London In addition to all its state surveillance and prosecution apparatus, China is adopting a new tactic as it escalates the crackdown on the press: using citizens to discredit information published by foreign journalists and even Chinese journalists working abroad for western tools. country.
The Committee to Protect Journalists (CPJ) reported that organizations affiliated with the Chinese state began to harass foreign media professionals publicly, resulting in massive online and face-to-face harassment campaigns.
As part of this new tactic, state media and popular citizens on the social network Weibo are posting the names and photos of foreign journalists who “promote and attack China”, describing their reporting as “biased” or “dishonest” and threatening them.

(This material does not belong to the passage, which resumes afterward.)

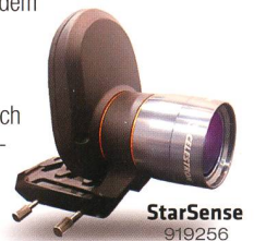
StarSense 919256 Fr. 519.-

Die AVX verfügt neben einem RS232-Anschluss auch über einen Autoguider-Eingang und zwei AUX-Anschlüsse. Hier können Sie zusätzliche, separat erhältliche Erweiterungsmodule anschliessen – zum Beispiel das SkyQ Link Modul für die Steuerung über WLAN mit iPhone/iPad/Windows-PC oder das StarSense-Modul , mit dem die Montierung ihre Referenzsterne automatisch anfährt und perfekt zentriert.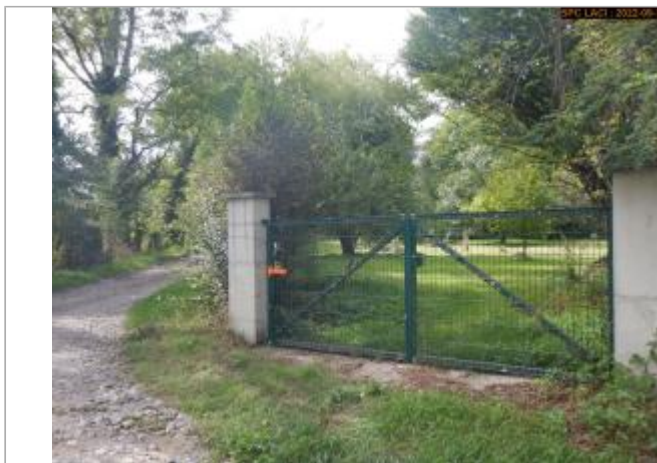
Vue du site (crue 12/2003)

Foreign journalists have data and locations exposed in China
China is a notorious censor of the country’s media, as the government controls almost all content published in any media outlet. Finally Global Press Freedom Index published by Reporters Without Borders (RSF)The country was ranked 175th in a rating of 180 countries.
According to CPJ’s annual prison census, The country is also the country that arrests the most journalists in the world.. But the work of foreign correspondents, which escaped the pressure of the Chinese media for being broadcast abroad, has historically been more difficult for authorities to silence.

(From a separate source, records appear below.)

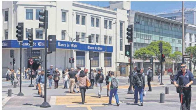
El mes termina con un alto registro de lluvias, pero se prevé que la temperaturas máximas sigan cálidas.

la meteoróloga. Pese a que en marzo estos eventos generaron un superávit de lluvias del 467% -lo normal son 22,2 mm-, "hablar de superávit de precipitación a estas alturas del año no representa el balance completo, porque estamos justamente en el comienzo de la temporada de lluvias, entonces todavía hay mucho que puede pasar", agregando que "el hecho que hayamos tenido un marzo lluvioso en el sur de Chile no necesariamente significa que el invierno vaya a ser igual".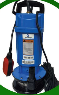
غطاس تيوب 3 حصان صيني ضمان مصنع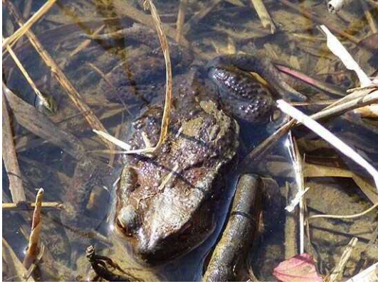
アズマヒキガエル成体 (R2年2月21日・南長崎はらっぱ公園)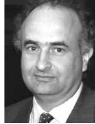
Agustín J. Edwards Vicepresidente de Empresa El Mercurio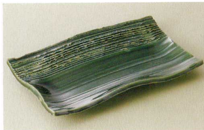
18104-186 3,450円 251813606 ヒタ織部焼物皿 (220×125×32mm)

But CPJ says it has begun harassing foreign journalists online as the country has become more sensitive to its image abroad amid accusations that it has mishandled the COVID-19 pandemic.
Sophie Beach said, “Taking out foreign journalists is part of a broader strategy to control all information, including online voices. Chinese Digital Timesto the committee.
But it’s also part of a strategy to rewrite the global narrative about China, particularly its role in dealing with COVID.”
Spamuffing is Part of China’s Twitter Press
Attacks don’t just happen on Chinese networks. An analysis by researchers Danielle Cave and Albert Zhang from the Australian Strategic Policy Institute (ASPI), quoted on the Axios website, says that a campaign of attacks on female journalists working in Western outlets was conducted through a network of Twitter accounts called “Spamouflage.” associated with the Chinese state.
According to Axios, the attacks were acknowledged by Twitter, which says it has suspended more than 400 accounts for policy violations. The Chinese government has denied any involvement in the accounts.
Pressure in China threatens foreign media work
CPJ’s China correspondent, journalist Iris Hsu, drew attention to how hostility towards foreign media professionals increased as the government’s crackdown on the press increased.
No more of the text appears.